* **Extracted data**
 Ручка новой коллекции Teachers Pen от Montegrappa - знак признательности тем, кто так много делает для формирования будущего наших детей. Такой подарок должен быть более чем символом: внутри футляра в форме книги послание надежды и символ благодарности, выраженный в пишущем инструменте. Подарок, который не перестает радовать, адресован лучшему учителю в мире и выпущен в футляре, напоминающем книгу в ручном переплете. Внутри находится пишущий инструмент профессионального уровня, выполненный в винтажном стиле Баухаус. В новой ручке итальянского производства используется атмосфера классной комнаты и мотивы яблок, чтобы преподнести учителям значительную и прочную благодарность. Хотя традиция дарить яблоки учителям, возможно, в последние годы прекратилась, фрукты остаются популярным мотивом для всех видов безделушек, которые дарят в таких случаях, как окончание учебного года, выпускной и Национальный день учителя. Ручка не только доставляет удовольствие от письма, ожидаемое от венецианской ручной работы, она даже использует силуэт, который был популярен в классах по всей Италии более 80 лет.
---
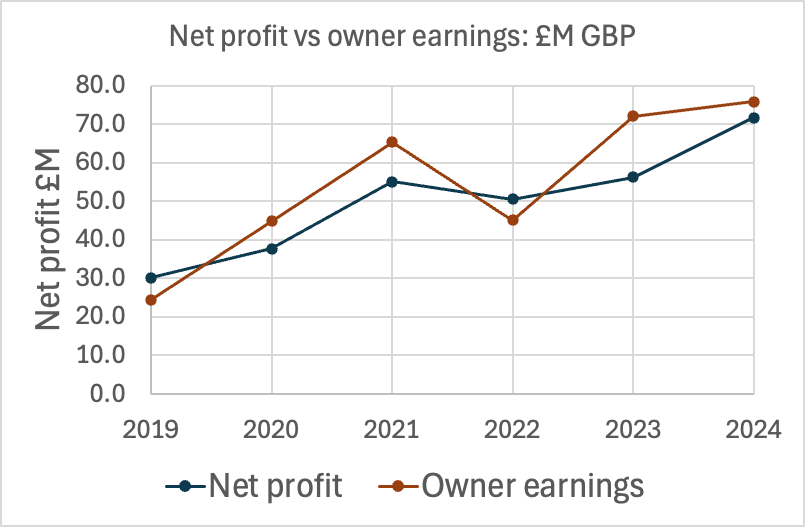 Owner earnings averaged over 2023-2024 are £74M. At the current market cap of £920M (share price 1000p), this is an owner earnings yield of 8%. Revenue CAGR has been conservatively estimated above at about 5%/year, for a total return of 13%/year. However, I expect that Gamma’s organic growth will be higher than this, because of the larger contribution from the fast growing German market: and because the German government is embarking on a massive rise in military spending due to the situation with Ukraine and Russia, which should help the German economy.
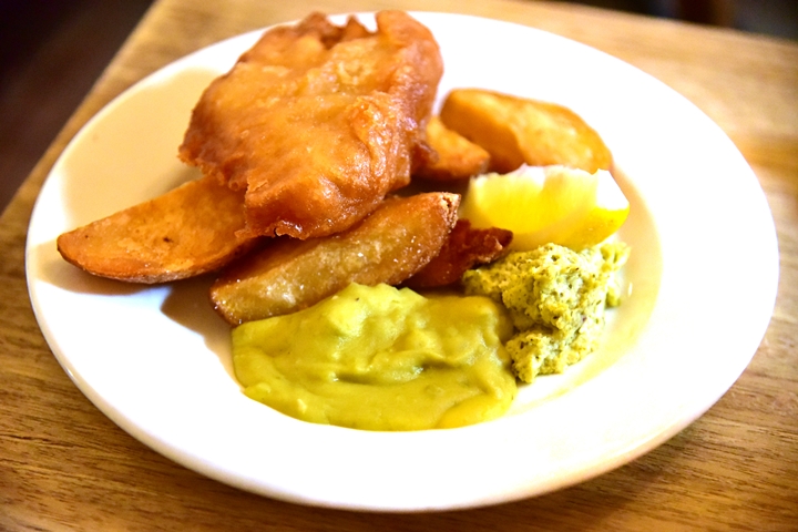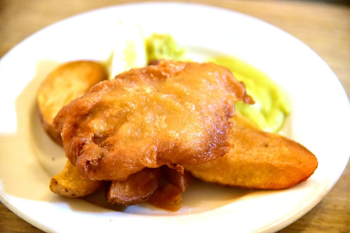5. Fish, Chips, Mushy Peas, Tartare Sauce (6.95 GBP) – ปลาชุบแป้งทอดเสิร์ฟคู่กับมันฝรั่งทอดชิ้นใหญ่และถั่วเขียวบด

* **Task details**
Using the data above, return the lines from the one holding "Owner earnings averaged" through the one holding "5. Fish, Chips, Mushy" exactly, but not the pictures.

* **Written solution**
 Owner earnings averaged over 2023-2024 are £74M. At the current market cap of £920M (share price 1000p), this is an owner earnings yield of 8%. Revenue CAGR has been conservatively estimated above at about 5%/year, for a total return of 13%/year. However, I expect that Gamma’s organic growth will be higher than this, because of the larger contribution from the fast growing German market: and because the German government is embarking on a massive rise in military spending due to the situation with Ukraine and Russia, which should help the German economy.
5. Fish, Chips, Mushy Peas, Tartare Sauce (6.95 GBP) – ปลาชุบแป้งทอดเสิร์ฟคู่กับมันฝรั่งทอดชิ้นใหญ่และถั่วเขียวบด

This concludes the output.